# Bus Pass



## AlisonM (Sep 24, 2016)

I has my bus pass and now have free travel throughout Scotland for me and a companion and a third off all train fares for two as well. Ace. All I need now is a local bus service with buses that actually turn up.


----------



## mikeyB (Sep 24, 2016)

I thought it was still stagecoaches up where you are, Alison. You'll be telling us you have electric light next...

Anyway, a lady never admits to having a bus pass. It just invites comments like "you don't look old enough" or, worse still "have you only just found out you could get one?".


----------



## AlisonM (Sep 24, 2016)

mikeyB said:


> I thought it was still stagecoaches up where you are, Alison. You'll be telling us you have electric light next...
> 
> Anyway, a lady never admits to having a bus pass. It just invites comments like "you don't look old enough" or, worse still "have you only just found out you could get one?".

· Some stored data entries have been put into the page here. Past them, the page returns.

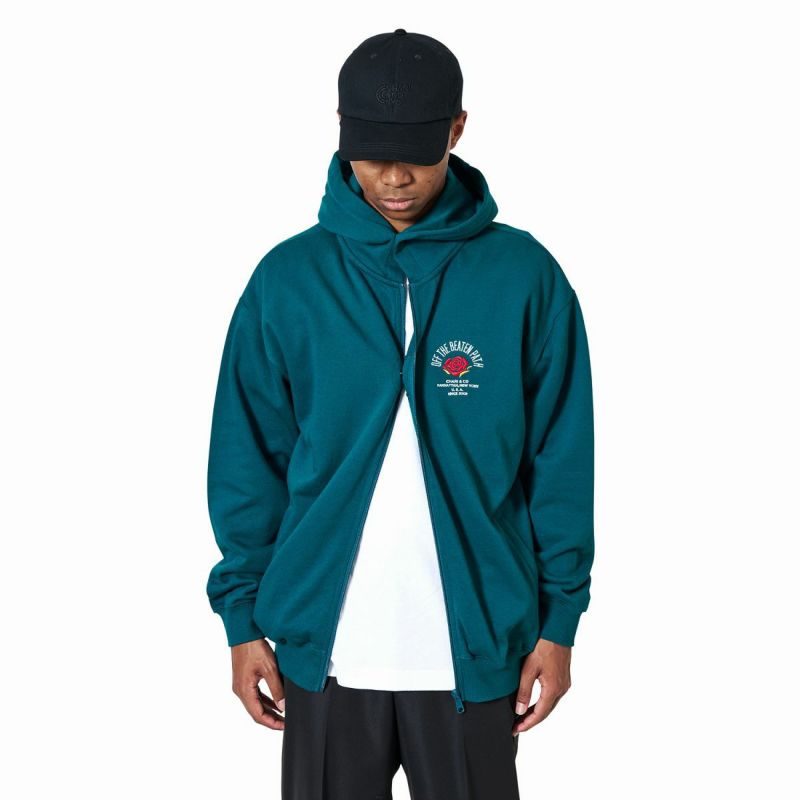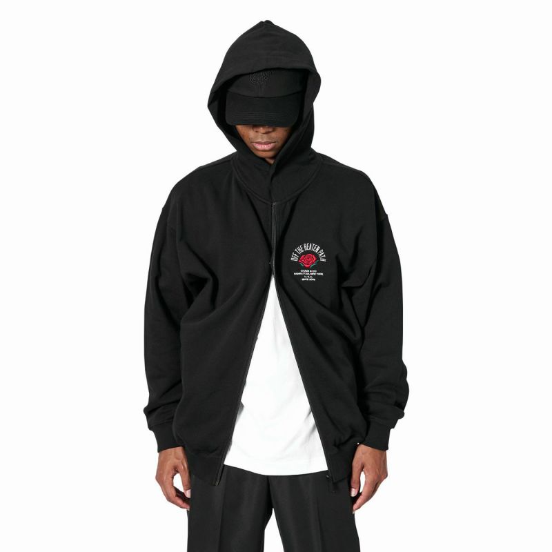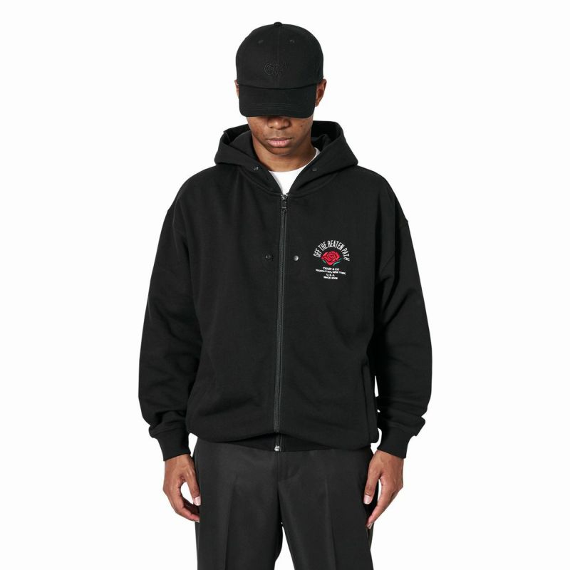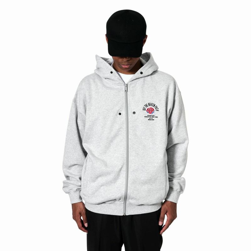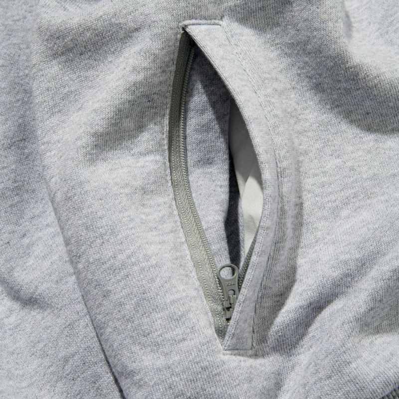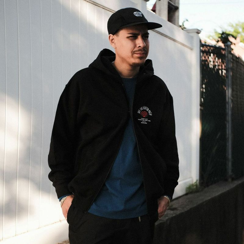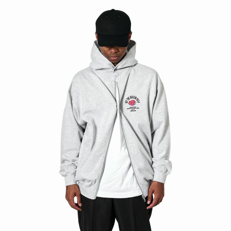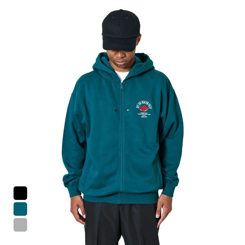 『人の歩んだ道を行くな。』CHARI&CO のスローガンでもあるこの言葉と一輪の刺々しいバラ。“尖って、思う道を行け”、それでいいんだよと言わんばかり。胸元に付くトレックボタンが前開きの状態でもバタつきを抑え、着こなしの幅を広げる。コンテンポラリーなシルエットで裏毛は通年で使える10.6oz。起毛させる一歩手前の“半掻き"に設定することで絶妙な生地の硬さと肉厚を表現した。NY STORE開業以来継続している安全を考慮したブランドスピリッツであるリフレクターテープが後ろの裾に縫われている。
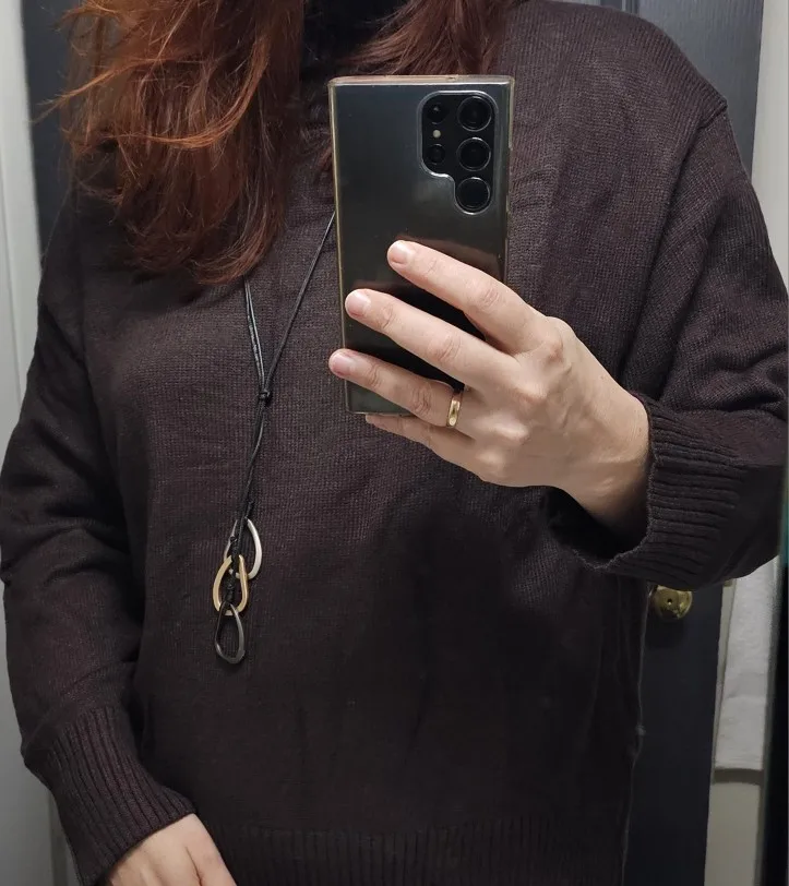 A wonderful sweater for a small cost! The color is nice chocolate ❤️ I took L for luck because I wear a larger size, but it fits nicely, not small. My daughter takes it and wears it oversized.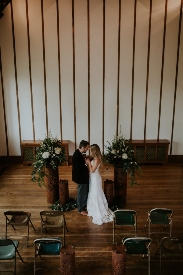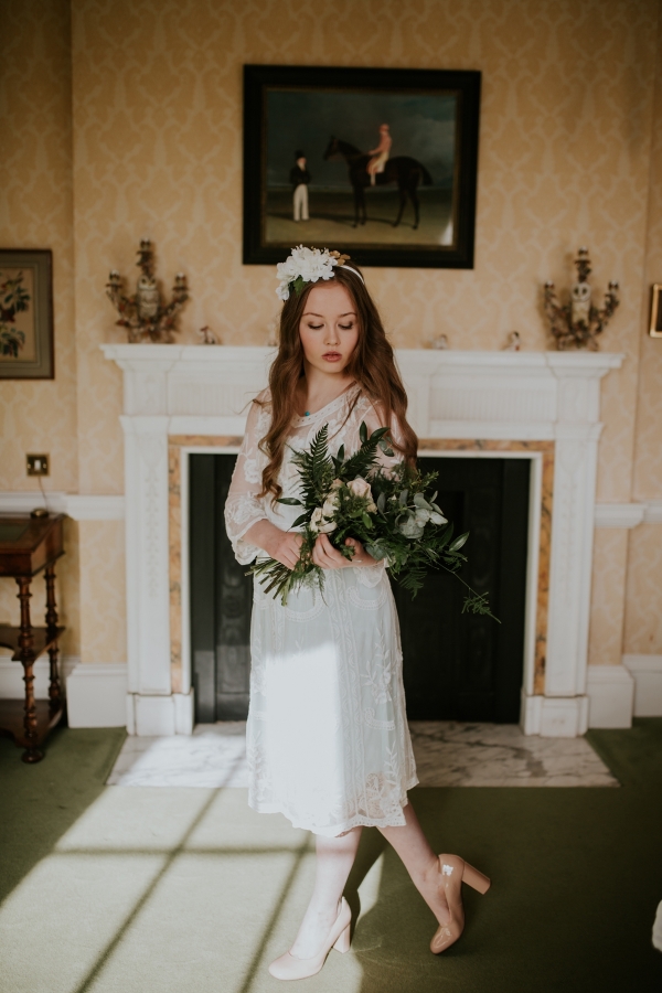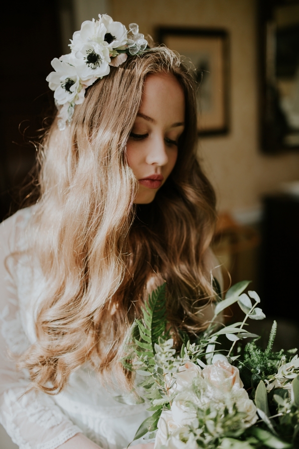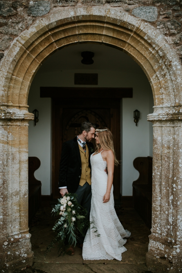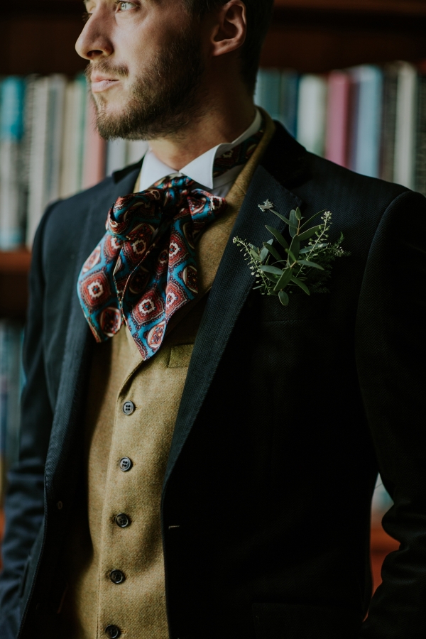 Complementing the bride but echoing the individual spirit of the aesthetic, the bridesmaid wears a vintage dress, loose waves and a selection of bespoke flower crowns. Both the bride and bridesmaid finish their looks with jewellery handmade by Jacqueline Ashworth in North Devon. "I loved the simplicity and high quality of these pieces - they're perfect with any outfit but a delightful look on a bride and a great suggestion for bridesmaids' gifts," says Bridget. Completing the super-stylish wedding party, the groom wears an eclectic mix of navy velvet, mustard tweed and greys. "The slimline trousers and silk cravat give this edgy look a contemporary and very wearable feel," concludes Bridget.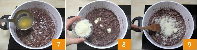 Setzen Sie das Garen des Risottos bei schwacher Hitze fort, indem Sie nach und nach die Fleischbrühe hinzufügen 7. Wenn der Reis al dente ist, schalten Sie die Hitze aus und verfeinern Sie den Risotto mit den restlichen 30 g Butter und dem geriebenen Monte Veronese Käse 8, wobei Sie mit einem Löffel umrühren 9. Der Risotto mit Amarone ist bereit, serviert zu werden!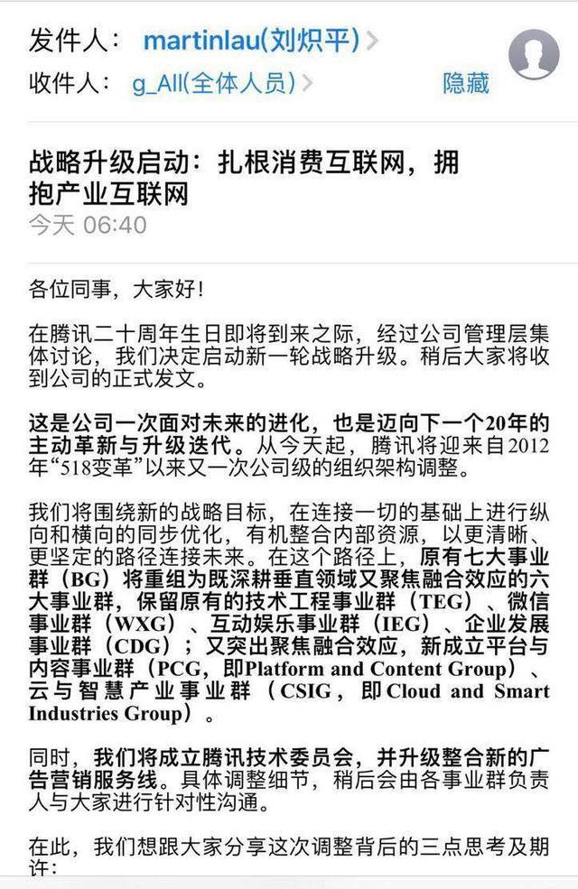 2018年9月30日早上6:40,劉熾平宣布騰訊啟動新一輪戰略升級,進行第三次架構調整,主題:扎根消費互聯網,擁抱產業互聯網。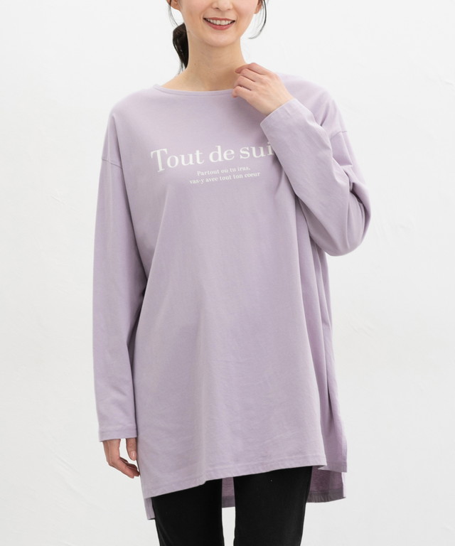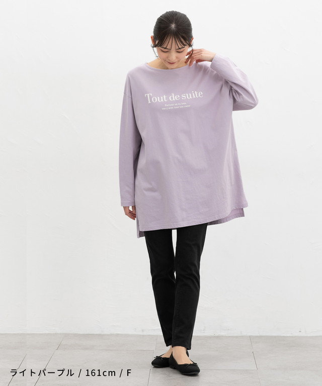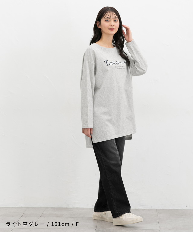 トップス Tシャツ ロンT 長袖Tシャツ カットソー 長袖 コットン 綿 ロゴ ゆったり フリーサイズ スリット レディース Honeys ハニーズ ゆるロゴTシャツ

We do have electric light, but only when we chain the donkey to the wheel and make the poor thing walk in circles all day. And,

It's not that sort of bus pass, I'm not old enough for that yet. This is the gimps version for folk with mobility issues. For some reason it's called an 'Entitlement card', possibly because it's not just for buses.


----------



## mikeyB (Sep 24, 2016)

Didn't know that. So if I've got PIP mobility supplement, I can get this entitlement card, and I can get the over sixty bus pass as well, they should pay me to travel, right?


----------



## AlisonM (Sep 24, 2016)

The entitlement card may be more useful as it gets you train discounts too. There seem to be different levels of entitlement as though, mine gives my pal free travel on all buses same as me, but I have a pal from Glasgow who has to pay half fare for her companion outside the city. The website is pretty obscure too, doesn't go into much detail about what's allowed and what's not.


----------



## pottersusan (Sep 25, 2016)

mikeyB said:


> Didn't know that. So if I've got PIP mobility supplement, I can get this entitlement card, and I can get the over sixty bus pass as well, they should pay me to travel, right?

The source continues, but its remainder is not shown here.